LiveGrid is merely a sample submission backend for them. The reputation info means absolutely nothing. An unknown sample is submitted to them via LiveGrid and if it's a PE executable then their cloud sandbox analyzes it and if it gives a verdict with pure confidence that it's a malware then it's blocked via LiveGrid as "Suspicious". Only for PE executables. But rarely I've seen it working in my experience and most of the time it only detected new samples after I submitted it via email to them. It also happened a few times that even after submitting multiple times they didn't add a signature. Then I had to write in the email why I think a signature should be added with a Virustotal link and only then they created signatures. This happened usually for low risk malwares/pup.
On the contrary Kaspersky's reputation info and cloud sandbox is far more effective. It can analyze almost all types of files, not just executables. I've also seen a couple of times, Kaspersky halting scanning of a file till the file is uploaded and a verdict is received from their cloud sandbox which can take couple of minutes depending on the server load.
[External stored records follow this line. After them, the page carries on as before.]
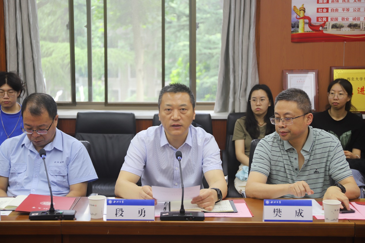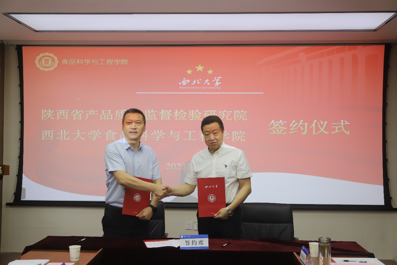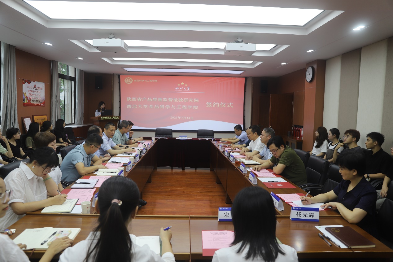 7月14日,pp电子官方网站与陕西省产品质量监督检验研究院战略合作协议签字仪式在pp电子官方网站太白校区pp电子官方网站院楼举行。出席签字仪式的双方领导和成员有陕西省产品质量监督检验研究院院长段勇、党委书记樊育平、农副食品所主任樊成、绿色建材所主任李治纲、化学所副主任郝媛、人力资源部杨君慧、张力丹,pp电子官方网站班子成员、骆艳娥教授、盛庆林教授、宋微副教授等50余名师生代表,签字仪式由马燕副院长主持。
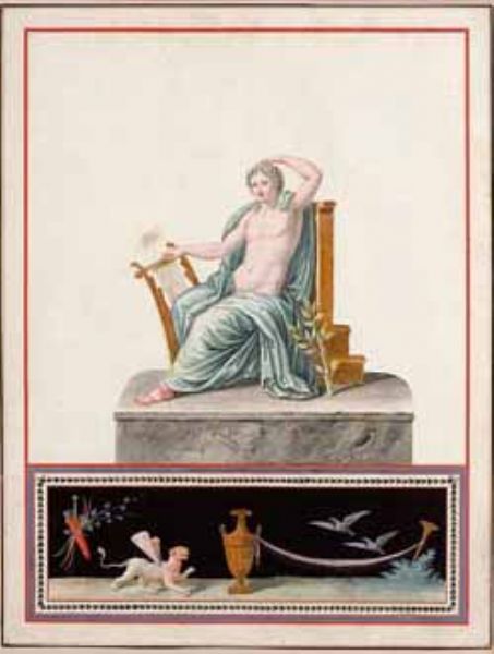 | Apollon assis sur un piédestal, dans un encadrement décoratif | |
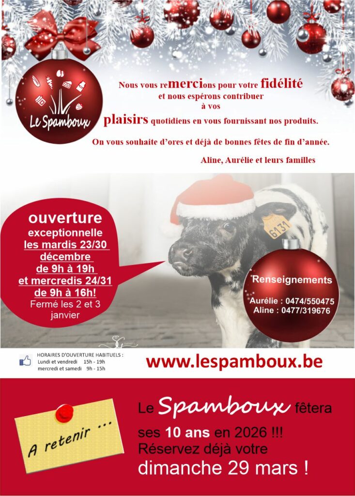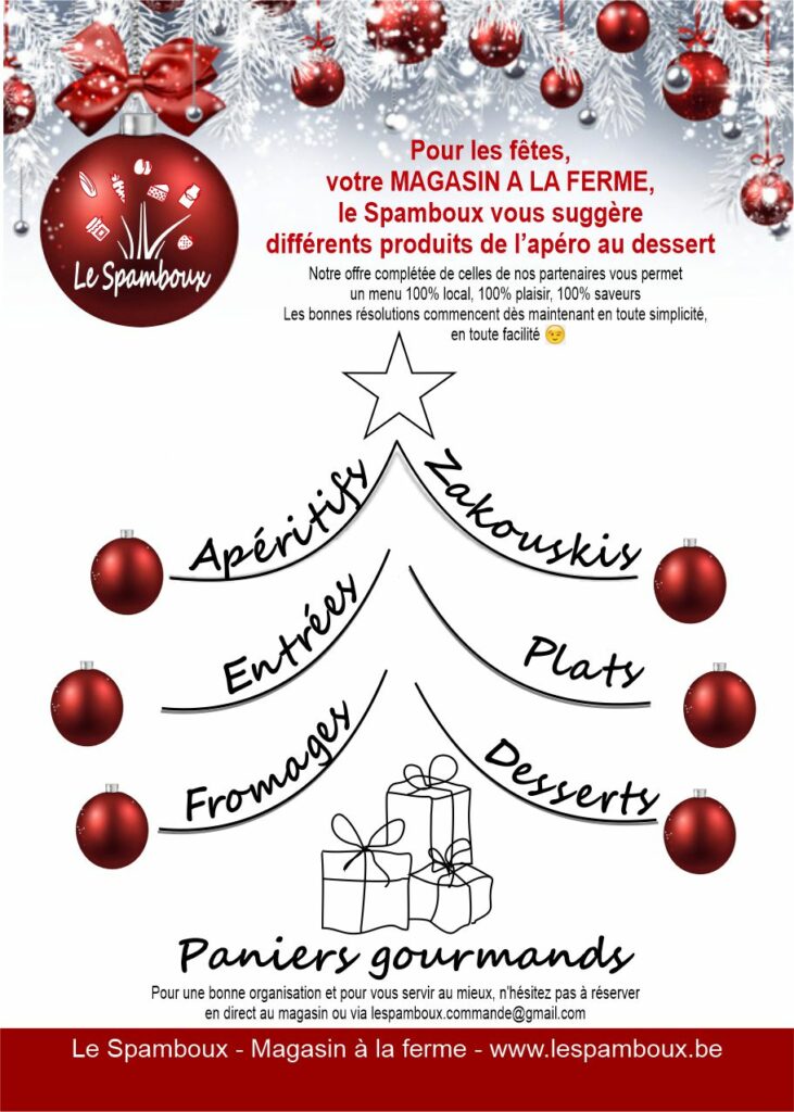 Paniers gourmands, zakouskis, plateaux fromages, plateaux raclette, chicons de terre, gâteaux glacés du Mont-Blanc cinacien, foie gras de la Sauvenière, saumon de chez Fumoir et Terroir, boudin de l’Atelier du Boucher, …
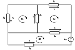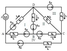 I) I11*(R1+R7+R5)-I22*R7-0-I44*R5=E12-E11+E72+E52) -I11*R7+I22*(R7+R3+R4)-I33*R3-I44*R4=-E72-E42
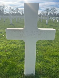 1st Lt Warren M. Halverson was a candy salesman.Source of information: Leo Minne, www.abmc.gov, www.wwiimemorial.com, www.ancestry.com – 1930/1940 Census / U.S. Headstone and Interment Record for U.S. Military Cemeteries on Foreign Soil / U.S. Draft Cards Young Men / US WW2 Hospital Admission Cards / Roy Wilson Family Tree
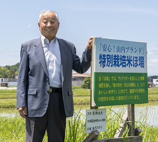 竹粉と牛糞で1年かけてつくる竹堆肥を使った土でつくった自慢のお米。世界最大の米コンクール「第25回米・食味分析鑑定コンクール国際大会」の「都道府県・海外地域代表 お米選手権」部門で金賞を受賞しました。

ESET 15/16 will have protected folders. I promise you that.

 

[AYIZEB]

I don't understand eset, they may have the best product on the market and they don't listen to current trends or their users ...

 

[SeriousHoax]

ESET 15/16 will have protected folders. I promise you that.

Highly unlikely based on their current outlook. Besides based on my assumption, ESET usually implements new features depending on their Enterprise customers feedback and they do have some high profile customers. Enterprise customers don't need protected folders so that's why I'm saying it's unlikely to happen.

 

[McMcbrad]

I will try my best lol
I love challenge
I can see I have other users there on my side too.